VMware ups its management game, revs Windows on Mac virtualisation

It is not exactly a surprise, but at its VMworld 2008 event in Las Vegas last week, virtualisation player VMware announced a raft of new products that will simplify the management of virtualised environments.It promised that businesses will be able

By Jason Stamper Blog

It is not exactly a surprise, but at its VMworld 2008 event in Las Vegas last week, virtualisation player VMware announced a raft of new products that will simplify the management of virtualised environments.

It promised that businesses will be able to pool applications across their own and service providers’ data centres when they need extra resources, something it calls a “federated cloud”.

It’s said that 14,000 people attended VMware’s Vegas shindig, while another 800 or so are expected to attend its UK Virtualisation Forum event at the London Excel Centre tomorrow [Thursday September 25th].

The reason the latest announcements are not so surprising is that the core hypervisor technology which enables servers to be virtualised is nearing commodity status – not just because an open source hypervisor is available at no cost in the shape of the open source Xen, but also because Microsoft is bundling a hypervisor with Windows Server 2008… [click continue reading for more on this entry]…

As Tim Stammers, senior analyst at Ovum put it, “VMware’s most important near-term task is to grow its customer base in the fast-growing market for server virtualization and management tools as quickly as it can before Microsoft and others muscle in on its act. That is why the most important developments that VMware talked about last week [at VMworld in Vegas] were new and enhanced server management tools.”

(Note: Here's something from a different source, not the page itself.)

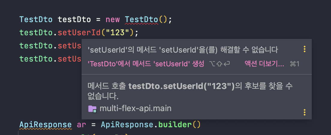 💡 이에 대해 해결 방안으로 아래의 @Builder Annotation을 사용하여 구성하여 무분별한 객체 생성에 대해서 한번 더 체크할 수 있습니다.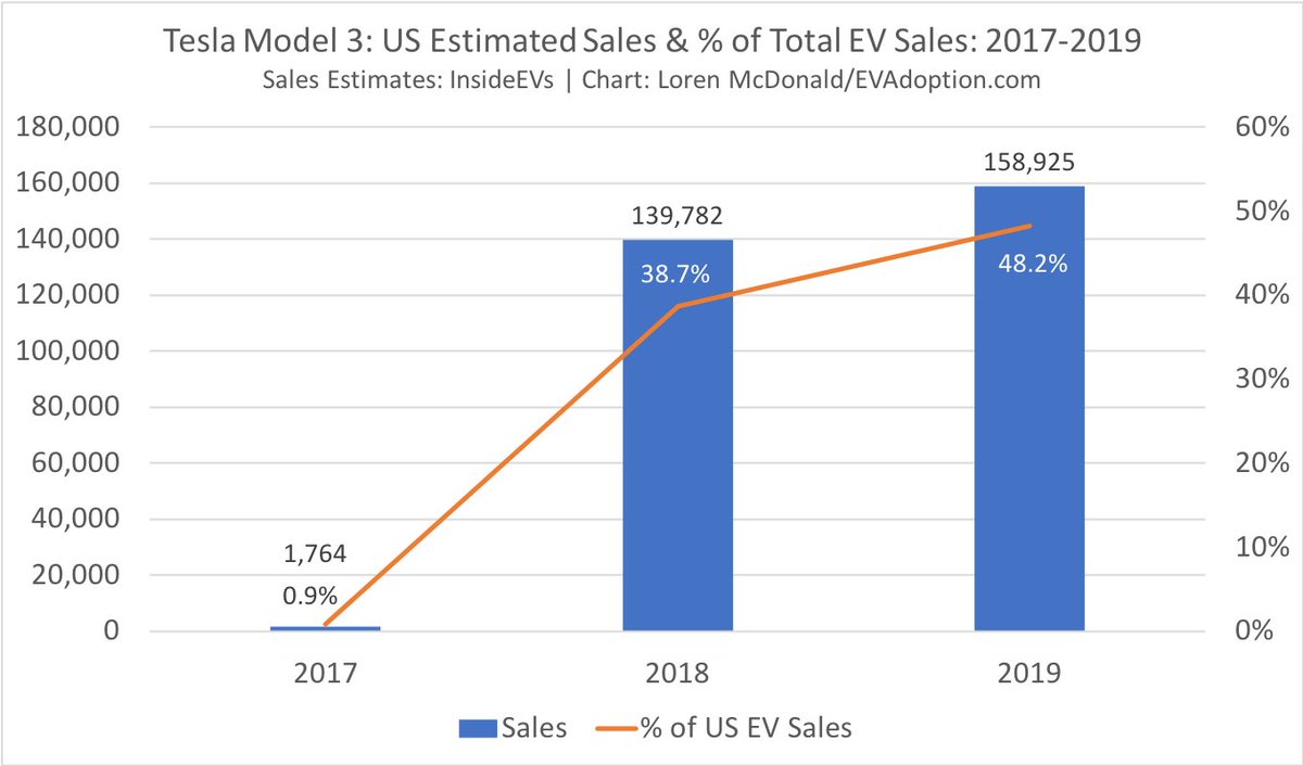 - InsideEVs’ 2019 estimates = 48.2% of all US EV sales

“In the virtual server management arena VMware is already significantly ahead of Microsoft and others,” said Stammers. “The new tools that will ship next year will maintain that lead in areas such as configuration, failover, chargeback, application monitoring and workflow.”

Stammers noted that unlike those from Microsoft, VMware’s tools do not work with rival virtualisation systems, citing lack of customer demand for such capabilities. As Stammers noted, with VMware estimated to account for roughly 80% of server virtualisation environments, you can see their point.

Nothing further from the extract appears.